Cell envelope stress in mycobacteria is regulated by the novel signal transduction ATPase IniR in response to trehalose

The cell envelope of mycobacteria is a highly unique and complex structure that is functionally equivalent to that of Gram-negative bacteria to protect the bacterial cell. Defects in the integrity or assembly of this cell envelope must be sensed to allow the induction of stress response systems. The promoter that is specifically and most strongly induced upon exposure to ethambutol and isoniazid, first line drugs that affect cell envelope biogenesis, is the iniBAC promoter. In this study, we set out to identify the regulator of the iniBAC operon in Mycobacterium marinum using an unbiased transposon mutagenesis screen in a constitutively iniBAC-expressing mutant background. We obtained multiple mutants in the mce1 locus as well as mutants in an uncharacterized putative transcriptional regulator (MMAR_0612). This latter gene was shown to function as the iniBAC regulator, as overexpression resulted in constitutive iniBAC induction, whereas a knockout mutant was unable to respond to the presence of ethambutol and isoniazid. Experiments with the M. tuberculosis homologue (Rv0339c) showed identical results. RNAseq experiments showed that this regulatory gene was exclusively involved in the regulation of the iniBAC operon. We therefore propose to name this dedicated regulator iniBAC Regulator (IniR). IniR belongs to the family of signal transduction ATPases with numerous domains, including a putative sugar-binding domain. Upon testing different sugars, we identified trehalose as an activator and metabolic cue for iniBAC activation, which could also explain the effect of the mce1 mutations. In conclusion, cell envelope stress in mycobacteria is regulated by IniR in a cascade that includes trehalose.
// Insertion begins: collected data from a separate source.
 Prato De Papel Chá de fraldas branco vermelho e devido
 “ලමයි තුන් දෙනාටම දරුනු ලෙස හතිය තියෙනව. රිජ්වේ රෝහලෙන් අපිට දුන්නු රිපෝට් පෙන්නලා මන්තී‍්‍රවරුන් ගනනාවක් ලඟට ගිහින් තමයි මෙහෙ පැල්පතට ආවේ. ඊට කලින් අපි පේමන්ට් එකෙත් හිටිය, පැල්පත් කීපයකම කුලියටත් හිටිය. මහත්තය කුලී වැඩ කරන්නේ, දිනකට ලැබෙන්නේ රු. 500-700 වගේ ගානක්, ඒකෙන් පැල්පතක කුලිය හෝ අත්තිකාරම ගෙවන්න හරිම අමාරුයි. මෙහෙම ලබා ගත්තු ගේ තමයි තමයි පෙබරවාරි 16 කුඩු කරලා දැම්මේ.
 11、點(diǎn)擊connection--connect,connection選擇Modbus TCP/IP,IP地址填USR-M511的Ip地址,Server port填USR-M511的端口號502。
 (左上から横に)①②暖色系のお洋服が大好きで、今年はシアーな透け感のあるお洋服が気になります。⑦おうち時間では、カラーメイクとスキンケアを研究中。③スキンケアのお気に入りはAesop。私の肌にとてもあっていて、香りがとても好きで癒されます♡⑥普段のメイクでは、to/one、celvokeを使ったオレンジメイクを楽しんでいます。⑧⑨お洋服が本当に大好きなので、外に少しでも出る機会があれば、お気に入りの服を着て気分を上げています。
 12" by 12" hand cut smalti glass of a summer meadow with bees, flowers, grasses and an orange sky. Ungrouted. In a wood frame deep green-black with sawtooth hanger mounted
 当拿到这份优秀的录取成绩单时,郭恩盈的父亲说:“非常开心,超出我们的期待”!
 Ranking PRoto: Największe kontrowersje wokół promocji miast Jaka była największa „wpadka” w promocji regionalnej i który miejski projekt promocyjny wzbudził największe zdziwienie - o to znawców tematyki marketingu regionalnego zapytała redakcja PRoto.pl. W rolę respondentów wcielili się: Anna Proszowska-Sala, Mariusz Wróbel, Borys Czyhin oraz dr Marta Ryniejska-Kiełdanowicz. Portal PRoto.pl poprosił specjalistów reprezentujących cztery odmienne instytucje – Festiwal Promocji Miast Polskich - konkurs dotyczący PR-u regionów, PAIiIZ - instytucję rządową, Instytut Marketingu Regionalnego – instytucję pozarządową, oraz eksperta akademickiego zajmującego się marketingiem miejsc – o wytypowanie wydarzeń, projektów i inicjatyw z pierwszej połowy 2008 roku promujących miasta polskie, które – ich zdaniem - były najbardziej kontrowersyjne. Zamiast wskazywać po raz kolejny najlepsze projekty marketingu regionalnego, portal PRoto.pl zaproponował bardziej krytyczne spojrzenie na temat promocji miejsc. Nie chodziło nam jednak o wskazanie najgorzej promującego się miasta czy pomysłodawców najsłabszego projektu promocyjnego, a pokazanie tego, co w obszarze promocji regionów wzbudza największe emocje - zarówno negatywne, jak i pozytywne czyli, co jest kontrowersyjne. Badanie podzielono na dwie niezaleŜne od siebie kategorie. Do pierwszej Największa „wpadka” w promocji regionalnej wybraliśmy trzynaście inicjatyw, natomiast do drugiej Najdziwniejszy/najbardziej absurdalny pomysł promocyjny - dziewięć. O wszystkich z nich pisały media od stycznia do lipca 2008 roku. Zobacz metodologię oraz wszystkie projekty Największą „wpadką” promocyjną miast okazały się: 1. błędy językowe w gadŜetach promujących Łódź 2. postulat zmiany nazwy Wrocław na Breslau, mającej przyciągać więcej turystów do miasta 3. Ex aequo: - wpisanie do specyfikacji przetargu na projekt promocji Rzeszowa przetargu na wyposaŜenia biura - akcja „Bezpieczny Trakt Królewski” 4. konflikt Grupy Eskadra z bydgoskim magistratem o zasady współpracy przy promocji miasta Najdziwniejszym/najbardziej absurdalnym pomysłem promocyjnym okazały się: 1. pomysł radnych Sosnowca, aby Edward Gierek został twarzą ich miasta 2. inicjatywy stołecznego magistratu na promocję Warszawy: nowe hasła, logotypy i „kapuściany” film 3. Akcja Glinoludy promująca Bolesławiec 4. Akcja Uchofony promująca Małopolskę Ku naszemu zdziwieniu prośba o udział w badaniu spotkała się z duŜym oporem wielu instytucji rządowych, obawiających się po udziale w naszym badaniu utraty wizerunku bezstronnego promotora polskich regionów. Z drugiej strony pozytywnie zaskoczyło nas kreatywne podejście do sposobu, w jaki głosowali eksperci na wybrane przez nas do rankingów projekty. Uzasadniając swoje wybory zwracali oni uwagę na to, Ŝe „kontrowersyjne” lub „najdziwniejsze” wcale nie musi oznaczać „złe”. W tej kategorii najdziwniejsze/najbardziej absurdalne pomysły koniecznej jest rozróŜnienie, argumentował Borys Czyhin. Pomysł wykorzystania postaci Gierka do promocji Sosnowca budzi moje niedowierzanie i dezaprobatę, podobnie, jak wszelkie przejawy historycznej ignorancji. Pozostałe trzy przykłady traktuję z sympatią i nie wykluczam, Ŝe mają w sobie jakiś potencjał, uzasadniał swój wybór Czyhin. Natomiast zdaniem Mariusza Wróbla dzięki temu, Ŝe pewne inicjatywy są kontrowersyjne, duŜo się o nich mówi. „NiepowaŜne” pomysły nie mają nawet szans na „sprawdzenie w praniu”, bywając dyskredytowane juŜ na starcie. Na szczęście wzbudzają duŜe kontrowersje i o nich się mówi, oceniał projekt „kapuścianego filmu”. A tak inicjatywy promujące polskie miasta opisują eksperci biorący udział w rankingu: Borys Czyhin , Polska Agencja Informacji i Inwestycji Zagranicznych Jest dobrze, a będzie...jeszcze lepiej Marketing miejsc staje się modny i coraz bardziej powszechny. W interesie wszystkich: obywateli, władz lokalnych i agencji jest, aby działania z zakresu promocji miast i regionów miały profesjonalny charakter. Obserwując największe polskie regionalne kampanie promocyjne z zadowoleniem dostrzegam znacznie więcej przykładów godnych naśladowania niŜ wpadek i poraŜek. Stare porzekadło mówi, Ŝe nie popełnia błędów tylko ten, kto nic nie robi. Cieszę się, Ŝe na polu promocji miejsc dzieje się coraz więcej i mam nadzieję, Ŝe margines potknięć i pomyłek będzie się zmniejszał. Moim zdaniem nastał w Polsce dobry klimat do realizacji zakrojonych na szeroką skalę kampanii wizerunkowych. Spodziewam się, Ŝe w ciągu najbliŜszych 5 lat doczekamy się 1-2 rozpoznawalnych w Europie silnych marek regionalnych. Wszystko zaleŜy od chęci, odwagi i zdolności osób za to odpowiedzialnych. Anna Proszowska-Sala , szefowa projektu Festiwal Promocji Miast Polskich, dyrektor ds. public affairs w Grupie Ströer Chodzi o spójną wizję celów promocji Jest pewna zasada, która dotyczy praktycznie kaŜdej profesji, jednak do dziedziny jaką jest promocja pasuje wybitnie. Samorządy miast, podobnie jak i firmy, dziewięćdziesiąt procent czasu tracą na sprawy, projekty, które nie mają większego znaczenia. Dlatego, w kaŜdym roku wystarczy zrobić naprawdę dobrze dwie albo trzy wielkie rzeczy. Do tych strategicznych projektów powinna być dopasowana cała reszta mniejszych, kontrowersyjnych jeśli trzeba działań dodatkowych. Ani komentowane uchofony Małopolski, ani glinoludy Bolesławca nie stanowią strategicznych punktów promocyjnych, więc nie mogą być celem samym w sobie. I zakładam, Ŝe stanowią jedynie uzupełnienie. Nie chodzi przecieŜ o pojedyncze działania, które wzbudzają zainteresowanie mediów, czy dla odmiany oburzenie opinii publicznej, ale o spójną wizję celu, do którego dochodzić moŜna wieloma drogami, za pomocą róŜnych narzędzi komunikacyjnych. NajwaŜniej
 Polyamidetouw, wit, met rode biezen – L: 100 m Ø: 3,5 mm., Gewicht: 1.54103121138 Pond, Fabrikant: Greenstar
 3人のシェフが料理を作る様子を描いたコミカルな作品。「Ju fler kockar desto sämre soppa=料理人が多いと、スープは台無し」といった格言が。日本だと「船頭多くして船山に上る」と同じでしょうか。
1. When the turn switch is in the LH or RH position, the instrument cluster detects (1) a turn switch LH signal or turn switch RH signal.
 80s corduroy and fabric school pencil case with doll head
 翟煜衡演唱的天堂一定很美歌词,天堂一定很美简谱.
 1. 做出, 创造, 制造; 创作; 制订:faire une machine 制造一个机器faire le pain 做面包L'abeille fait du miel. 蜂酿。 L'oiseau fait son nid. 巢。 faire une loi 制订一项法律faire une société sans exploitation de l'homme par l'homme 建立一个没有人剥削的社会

Author summary The mycobacterial cell wall is a complex and unique structure that protects extremely well against harmful compounds. Understanding the biogenesis and functioning of this cell envelope is essential to be able to effectively target mycobacteria. One way to uncover cell envelope functionality is to study stress mechanisms that are induced when the cell envelope is damaged. Here, we describe the identification of a major cell envelope stress regulator and the inducing signal. As stress inducers we have used antimycobacterial drugs that target the biogenesis of the mycobacterial cell envelope, as these have previously been shown to specifically induce the major cell wall stress operon iniBAC. We have identified a multi-domain regulator that is essential for the induction of this operon to transduce cell envelope stress and named this IniR. Importantly, we were also able to show that cell envelope stress signaling was induced by free trehalose. Trehalose is a central unit in many mycobacterial lipids and mycobacteria have a dedicated trehalose salvage pathway that is used when lipids are degraded and recycled. We hypothesize that lipid turnover and concomitant release of free trehalose in the cell envelope is a signal for cell envelope stress in mycobacteria.